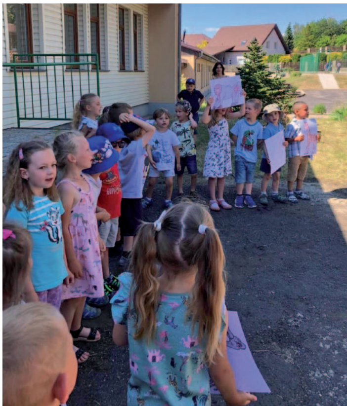
V zahradě školy proběhl tradiční piknik – společné setkání rodičů, dětí, žáků a přátel školy. Děti s učiteli pro všechny připravili malý kulturní program, a také proběhlo „pasování“ předškoláčků na školáčky ☺
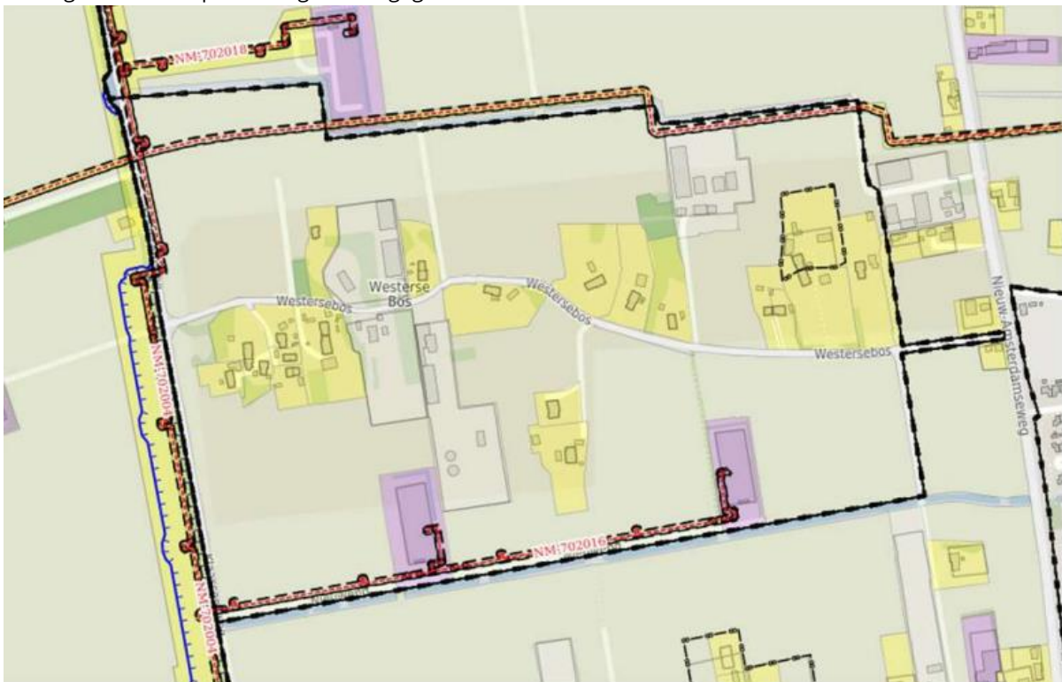
Afbeelding 3.1 Uitsnede EV-signaleringskaart Westerse Bos, 23 januari 2023

In de figuur hieronder is het plangebied Westerse bos met de ligging van de bovengrondse en ondergrondse transportleidingen weergegeven.
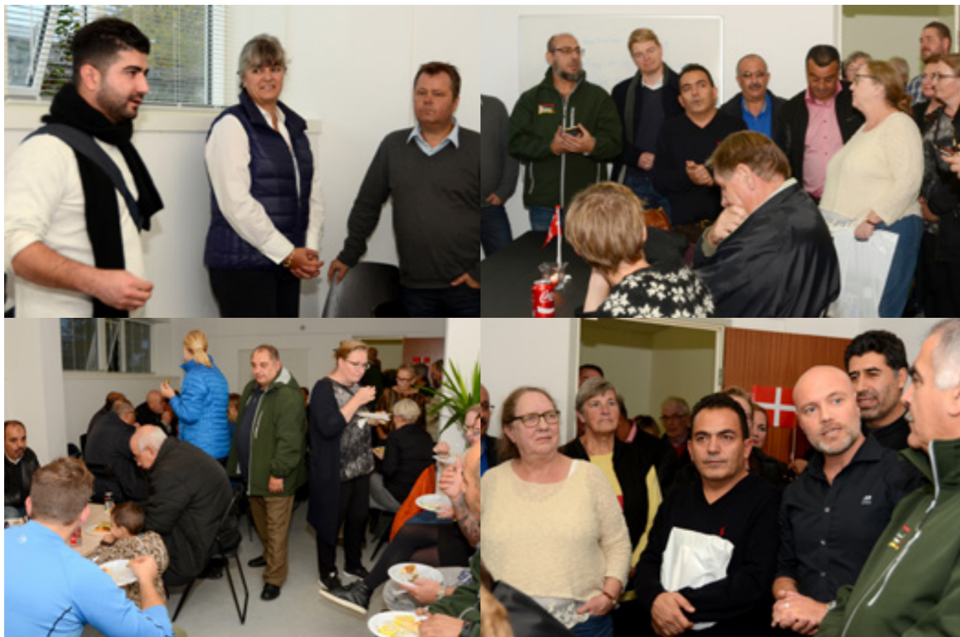
Der var stuvende fyldt, da Vapnagaards Fædregruppe i efteråret holdt reception for at markere, at gruppen har været aktiv i et års tid nu. Lokalpolitikere, beboerdemokrater fra Vapnagaard og andre interesserede var mødt op for at vise deres støtte.
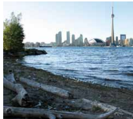
Einige Jahre zuvor – Arbeiten und Wohnen in der 2,6 Millionen Stadt Toronto

mat in uns tragen und dies auch instinktiv leben und weitergeben, wo auch immer wir gerade sind. Man sagt, der Charakter eines Menschen wird durch das Umfeld geprägt, in dem man aufwächst und lebt. Aus unserer Sicht beeinflussen uns nicht nur unse-
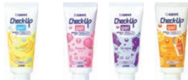
バナナ ピーチ グレープ レモンティー フッ化ナトリウム500ppmF フッ化ナトリウム950ppmF
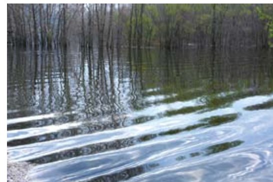
Зимняя прогулка
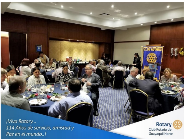
¡Viva Rotary... 114 Años de servicio, amistad y Paz en el mundo..!
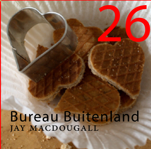
26 Bureau Buitenland JAY MACDOUGALL
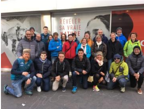
Partenaires du Consortium BOSS et responsables des 12 structures qui testeront l'outil de mesure des bénéfices sociaux.

La Fédération Française d'Équitation et la Fédération Internationale de Tourisme Equestre (FITE), dans une démarche de concertation avec les autres acteurs des loisirs sportifs de nature, participent au projet Benefits of Outdoor Sports for Society (BOSS).
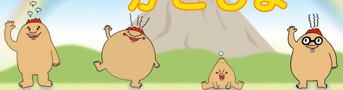
【マグマシティPRキャラクター 火山の妖精マグニョン】
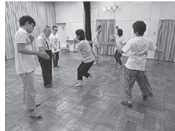
心のままに動いてみよう！

※講座を始める前の手洗い、換気、ソーシャルディスタンスをとるなど、安心して参加できる形で進めます。
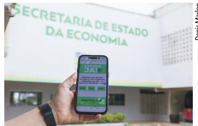
Adesão ao Programa Negocie Já 2 é totalmente digital e pode ser

O ICMS liderou a procura nos primeiros dois meses e meio de programa, com R$ 932,7 milhões em parcelamentos e R$ 111,34 milhões pagos à vista. Os proprietários de veículos também têm a oportunidade de negociar débitos de IPVA 2025 e anos anteriores. Conforme o último balanço, foram
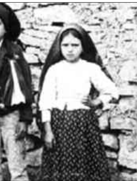
Mariamehr als je hervortreten...“: Lourdes, Tochter von Fatima

Wirklichkeit das Ziel, Leben zu vernichten, die Menschenwürde zu relativieren und Ungeborene sowie Sterbende, die der Gesellschaft zur Last fallen, zu entsorgen.
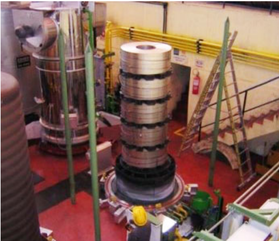
Hornos de recocido de fleje Ebner.
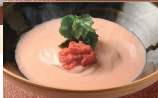
40 明太子クリームのおうどん 1,580 Creamy Spicy Pollock Roe Udon

Your task: Exact copy, pictures removed: set down the whole listing above.

Task answer:
V zahradě školy proběhl tradiční piknik – společné setkání rodičů, dětí, žáků a přátel školy. Děti s učiteli pro všechny připravili malý kulturní program, a také proběhlo „pasování“ předškoláčků na školáčky ☺
Afbeelding 3.1 Uitsnede EV-signaleringskaart Westerse Bos, 23 januari 2023

In de figuur hieronder is het plangebied Westerse bos met de ligging van de bovengrondse en ondergrondse transportleidingen weergegeven.
Der var stuvende fyldt, da Vapnagaards Fædregruppe i efteråret holdt reception for at markere, at gruppen har været aktiv i et års tid nu. Lokalpolitikere, beboerdemokrater fra Vapnagaard og andre interesserede var mødt op for at vise deres støtte.
Einige Jahre zuvor – Arbeiten und Wohnen in der 2,6 Millionen Stadt Toronto

mat in uns tragen und dies auch instinktiv leben und weitergeben, wo auch immer wir gerade sind. Man sagt, der Charakter eines Menschen wird durch das Umfeld geprägt, in dem man aufwächst und lebt. Aus unserer Sicht beeinflussen uns nicht nur unse-
バナナ ピーチ グレープ レモンティー フッ化ナトリウム500ppmF フッ化ナトリウム950ppmF
Зимняя прогулка
¡Viva Rotary... 114 Años de servicio, amistad y Paz en el mundo..!
26 Bureau Buitenland JAY MACDOUGALL
Partenaires du Consortium BOSS et responsables des 12 structures qui testeront l'outil de mesure des bénéfices sociaux.

La Fédération Française d'Équitation et la Fédération Internationale de Tourisme Equestre (FITE), dans une démarche de concertation avec les autres acteurs des loisirs sportifs de nature, participent au projet Benefits of Outdoor Sports for Society (BOSS).
【マグマシティPRキャラクター 火山の妖精マグニョン】
心のままに動いてみよう！

※講座を始める前の手洗い、換気、ソーシャルディスタンスをとるなど、安心して参加できる形で進めます。
Adesão ao Programa Negocie Já 2 é totalmente digital e pode ser

O ICMS liderou a procura nos primeiros dois meses e meio de programa, com R$ 932,7 milhões em parcelamentos e R$ 111,34 milhões pagos à vista. Os proprietários de veículos também têm a oportunidade de negociar débitos de IPVA 2025 e anos anteriores. Conforme o último balanço, foram
Mariamehr als je hervortreten...“: Lourdes, Tochter von Fatima

Wirklichkeit das Ziel, Leben zu vernichten, die Menschenwürde zu relativieren und Ungeborene sowie Sterbende, die der Gesellschaft zur Last fallen, zu entsorgen.
Hornos de recocido de fleje Ebner.
40 明太子クリームのおうどん 1,580 Creamy Spicy Pollock Roe Udon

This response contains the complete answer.